→ **What to do**:
Copy out the lines beginning at the one with "ThriveCo Root Touch-Up" and ending at the last line of the data, both included; pictures stay out.

→ **Raw data**:
----------------------------------------
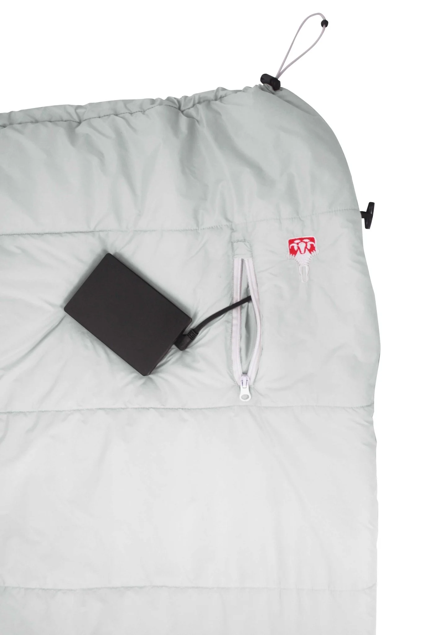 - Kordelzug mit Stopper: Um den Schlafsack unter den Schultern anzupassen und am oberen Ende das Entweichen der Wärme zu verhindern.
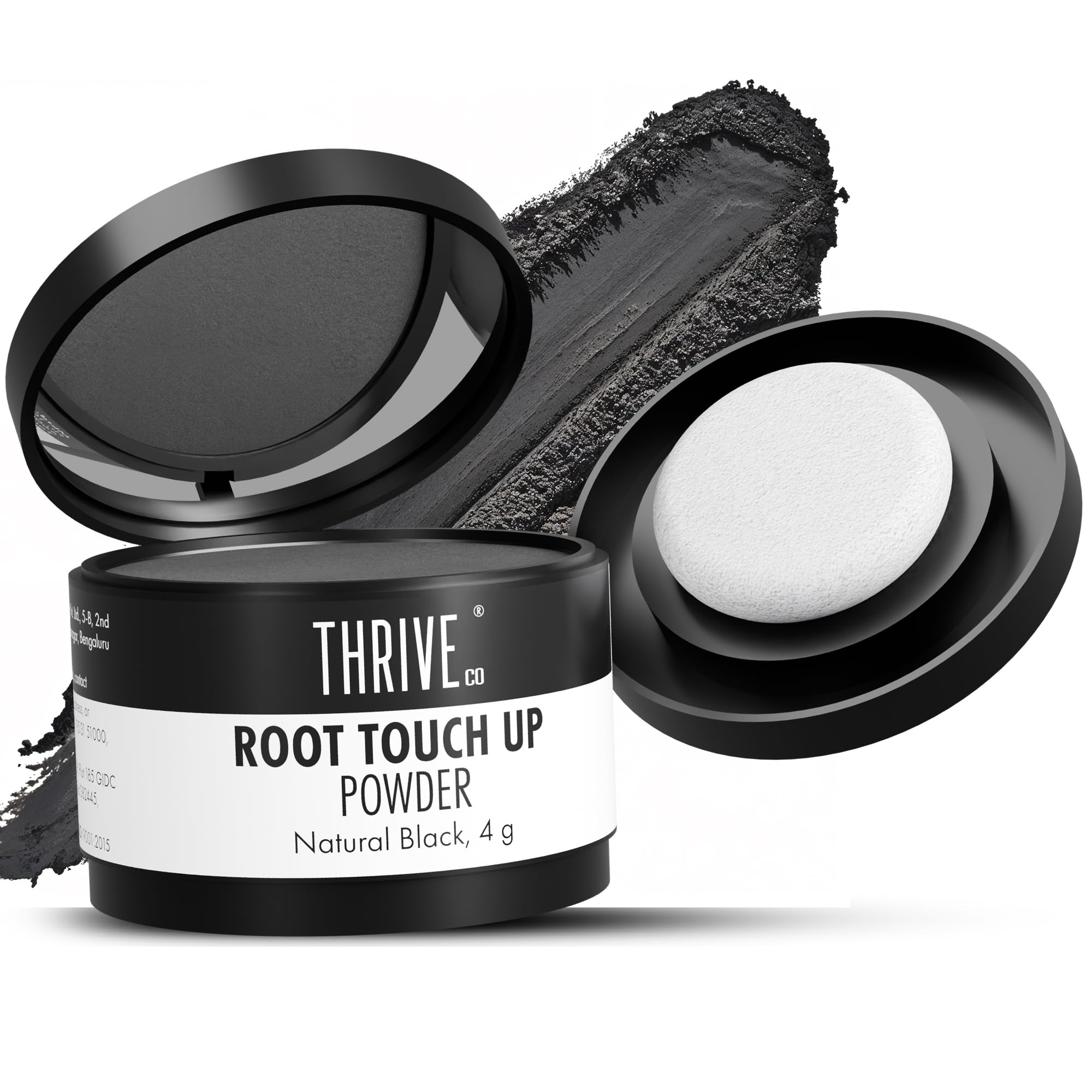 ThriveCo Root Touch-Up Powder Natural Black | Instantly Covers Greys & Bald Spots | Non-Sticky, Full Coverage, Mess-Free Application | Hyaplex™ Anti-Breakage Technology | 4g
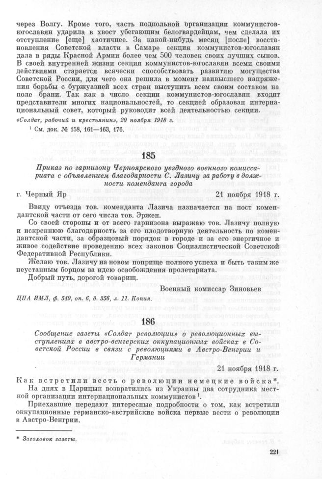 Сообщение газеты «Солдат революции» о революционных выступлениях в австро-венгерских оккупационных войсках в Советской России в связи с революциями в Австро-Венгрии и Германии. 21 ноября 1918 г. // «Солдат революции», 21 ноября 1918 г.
----------------------------------------
→ **Answer box**:
 ThriveCo Root Touch-Up Powder Natural Black | Instantly Covers Greys & Bald Spots | Non-Sticky, Full Coverage, Mess-Free Application | Hyaplex™ Anti-Breakage Technology | 4g
 Сообщение газеты «Солдат революции» о революционных выступлениях в австро-венгерских оккупационных войсках в Советской России в связи с революциями в Австро-Венгрии и Германии. 21 ноября 1918 г. // «Солдат революции», 21 ноября 1918 г.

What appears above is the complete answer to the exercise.